The Heart of the Ocean, the Real Story behind the Famous Fictional Necklace of Titanic

Titanic Famous FIctional Necklace

 Valentine’s may be over but I know that some of us still do marathon romantic movies on a Saturday evening and I’m sure one of the movies included in your list is Titanic. Shown in 1997, Titanic was one, if not the most, successful romantic films that hit the theatres worldwide. Written, co-produced and co-edited by James Cameron, the film tells the story of Jack Dawson and Rose DeWitt Bukater, passengers of the RMS Titanic (a real ship which sank on April 15, 1912) of different social classes who fell in love each other during the ship’s ill-fated maiden voyage.

Film experts believed that aside from Cameron’s well-written romance of Jack and Rose, it was the added plot points in the film that made it perfect such as the backdrop story of “The Heart of the Ocean” or “Cœur de la Mer”, the famous fictional blue diamond necklace which theft caused the dramatic break in the main characters’ romantic relationship. The necklace was so famous that several wholesale jewelry sellers imitated its design to sell in the market.

In the film

titanic diamon necklace

According to the film, the diamond in the necklace was original owned by King Louis XVI of France and was then cut into a heart shape after the French Revolution. Caledon Hockley, Rose's fiancée purchased the diamond necklace as a wedding gift for her. It was also this necklace that bought Rose to the recovery ship by Brock Lovett, a treasure hunter who believes that the necklace lies within the wreck of the RMS Titanic. On the first part of the film, after his team recovered a drawing in which a nude woman is portrayed wearing the necklace, dated in the year the Titanic sank, Lovett searched for the woman who happened to be Rose. She was then invited by him to his recovery ship to tell her story about the tragic voyage in which the story started.

The real story



But did you know that there was a real love story that inspired the film and there was indeed a real necklace involved in it. According to history, the necklace was given on the ship to a Titanic passenger named Kate Florence Phillips by her married lover, Henry Samuel Morley.

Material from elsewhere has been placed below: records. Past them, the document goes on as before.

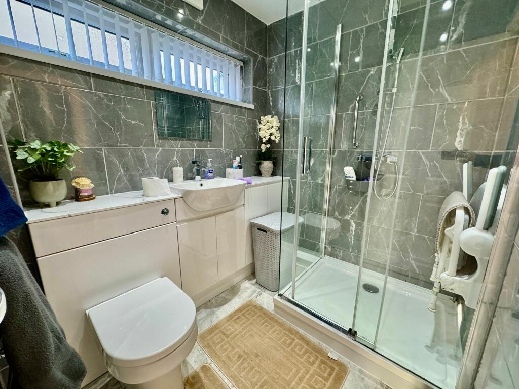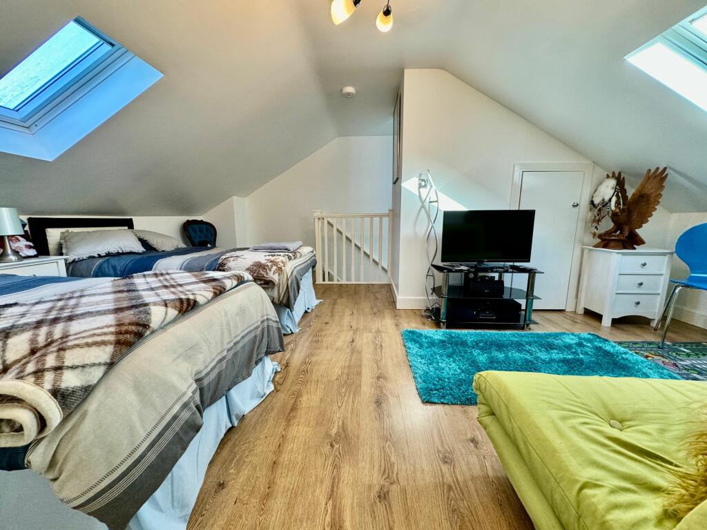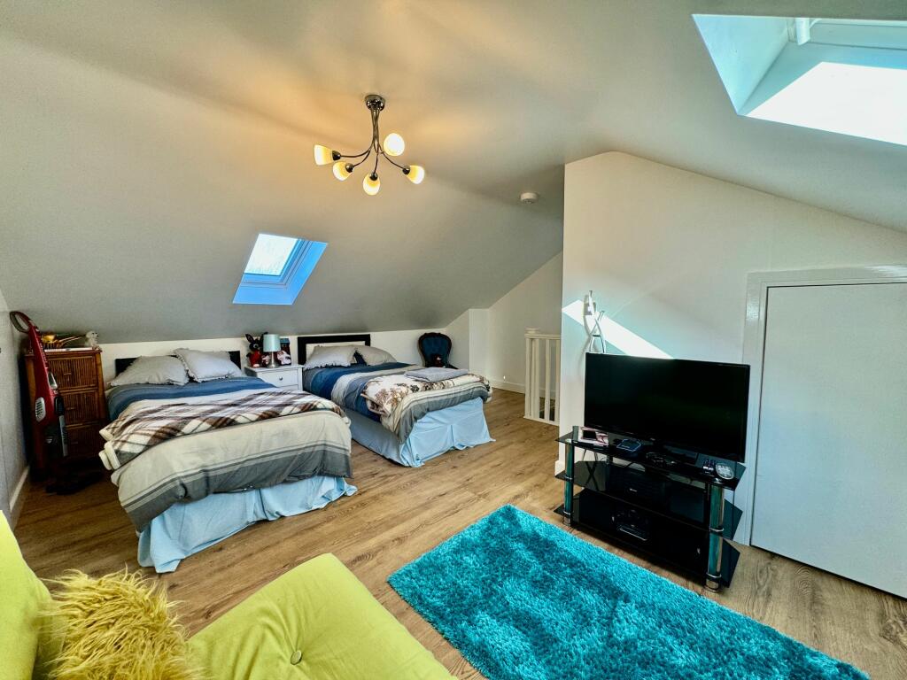 This semi-detached bungalow located in Toronto Close, Penmaen, offers a blend of modern convenience and a peaceful suburban setting. The property has undergone recent renovations or updates as evidenced by the modern kitchen and bathrooms, which present a clean and contemporary aesthetic. The interior boasts well-maintained hardwood flooring throughout the main areas, while the upstairs area is finished with a good quality wood laminate flooring that is both durable and stylish. The living areas are bright and spacious, with natural light enhancing the feeling of airiness. The property features two bedrooms, two bathrooms and an attic conversion that has been tastefully finished to provide comfortable living space and/or additional bedroom space.
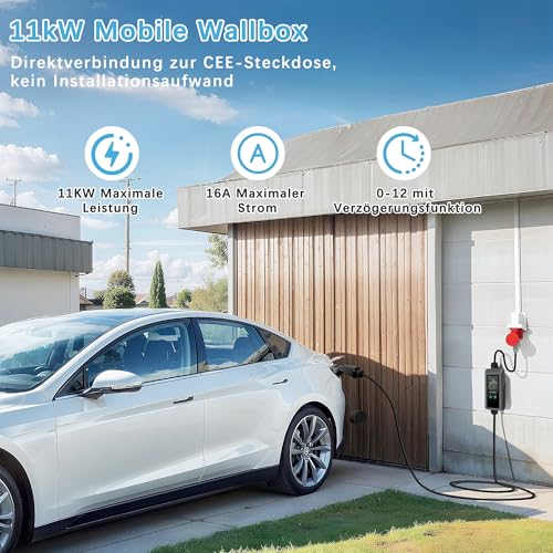 Intensité et temps de charge réglables : ajustez le courant de charge de 8A, 10A, 13A ou 16A et le délai de 1 à 12 heures pour une expérience de recharge personnalisée et pour éviter les coûts élevés pendant les heures de pointe. Doté d’une fonction minuterie pratique et d’un écran LCD permettant de surveiller l’état de charge, le temps, la consommation d’énergie et les coûts.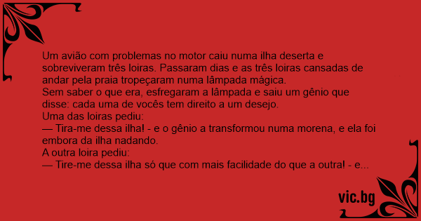 Um avião com problemas no motor caiu numa ilha deserta e sobreviveram três loiras. Passaram dias e as três loiras cansadas de andar pela praia tropeçaram numa lâmpada mágica.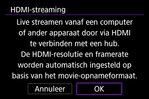 Selecteer deze optie als u met een HDMI-compatibel apparaat gaat streamen via een HDMI-verbinding.
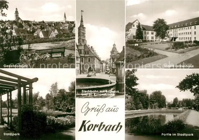 Korbach Stadtpark Stadtkrankenhaus Stechbahn Rathaus Kirche Korbach postalisch nicht gelaufen 1921-1965 Erhaltung siehe scans [KathaD81] Kathoren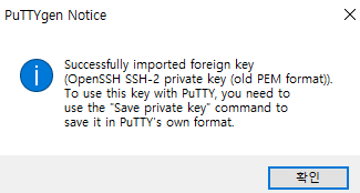PuTTY를 사용하여 개인키 저장및 우분투 실행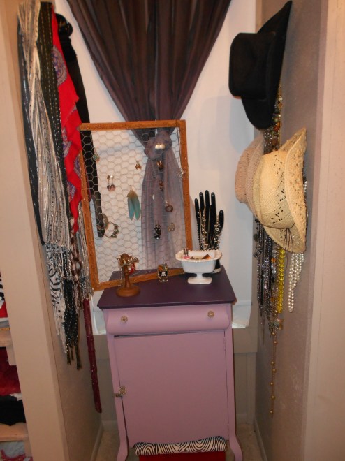 I am absolutely loving my new closet, or “dressing room,” in the new house! I am getting used to having all of my clothes, shoes, and jewelry out on display where I can easily pick outfits and use things I haven’t in a while. With the new arrangment comes, well, arranging, however. As I get settled I am slowly making changes and getting ready to paint. So, with that said, that means that I have been making some changes to my organization. If you remember my pictures of my older house, you will remember that I kept a lot of jewelry and items in an old antique metal medicine chest hung above my dresser. There was nowhere to hang it up in the closet and sitting on top of a dresser did not allow the door to open… so…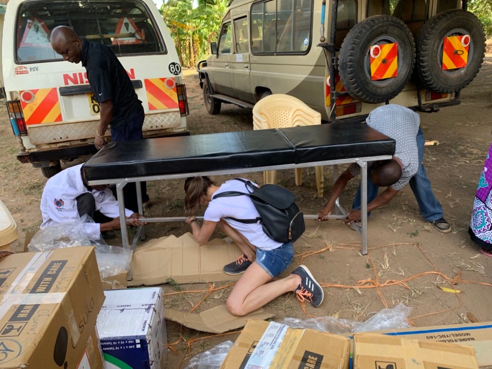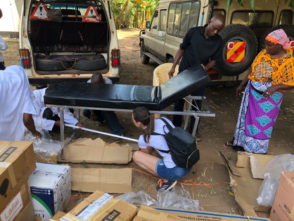 Abbiamo procurato: Barelle, palloni ambu, stetoscopi, misuratori di pressione, saturimetro, strumenti che ci sono stati donati dal dott. Mollea e dai suoi colleghi, vitamine, camici, medicamenti di tutti tipi. Siamo arrivate dopo un percorso polveroso, con i fuoristrada stracarichi e abbiamo scaricato tutto sotto un albero.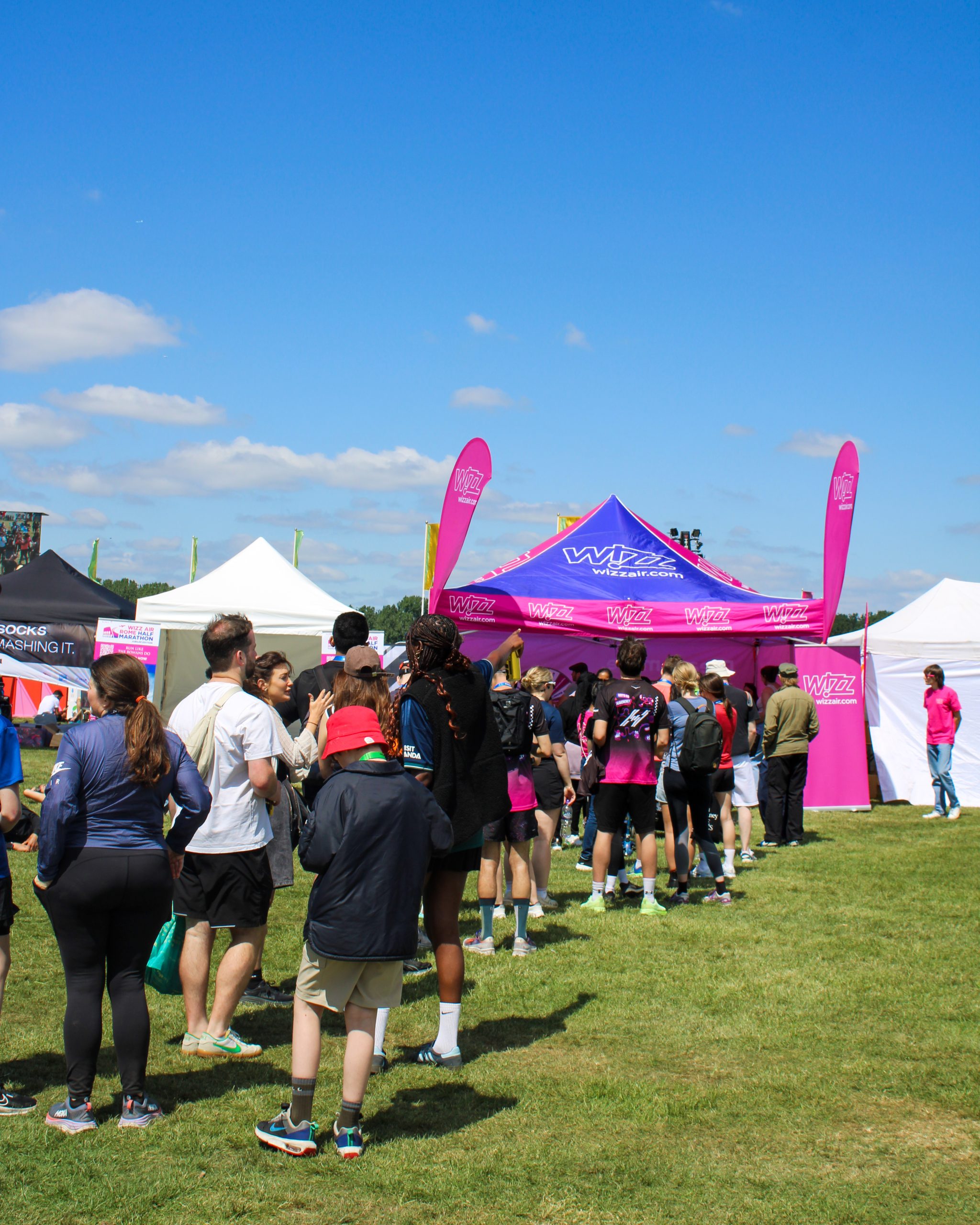 Highjam supported Wizz Air’s pop-up tent at the Hackney Half Marathon 2025. Event Hosts assisted with set-up the day before and ran the activation on the live day, driving footfall, engaging visitors in quality conversations, and encouraging participation in interactive activities and competition entries. The stand was strategically positioned to maximize footfall, creating strong engagement and repeat interest from previous attendees.

Kate was a shop assistant from England, who decided to elope with Henry, who was twenty years her senior and was the owner of the shop she worked in. Leaving his wife and children, Henry together with Kate boarded the RMS Titanic as Mr. and Mrs. Marshall to America for a new beginning. However, when the ship sank on the Atlantic waters, Henry died while Kate made it off the ship and made it back to England, carrying nothing but her purse, the necklace from her dead lover and the baby in her womb.

Although Kate’s necklace did inspire the story behind “The Heart of the Ocean”, the original necklace wasn’t a blue diamond but a blue sapphire. It wasn’t heart-shaped as well unlike its fictional counterpart and was known as “The Love of the Sea.”

After the story unfolded, it was then believed that Kate and Henry’s tragic love story aboard the Titanic was the one that inspired the endless romantic tragedy of Jack and her Rose. And the necklace, well, London jewelers Asprey & Garrad using a blue cubic zirconium set in white gold for the film and costs around $10,000. And as today, “The Heart of the Ocean” can be found in Twentieth Century Fox’s archives.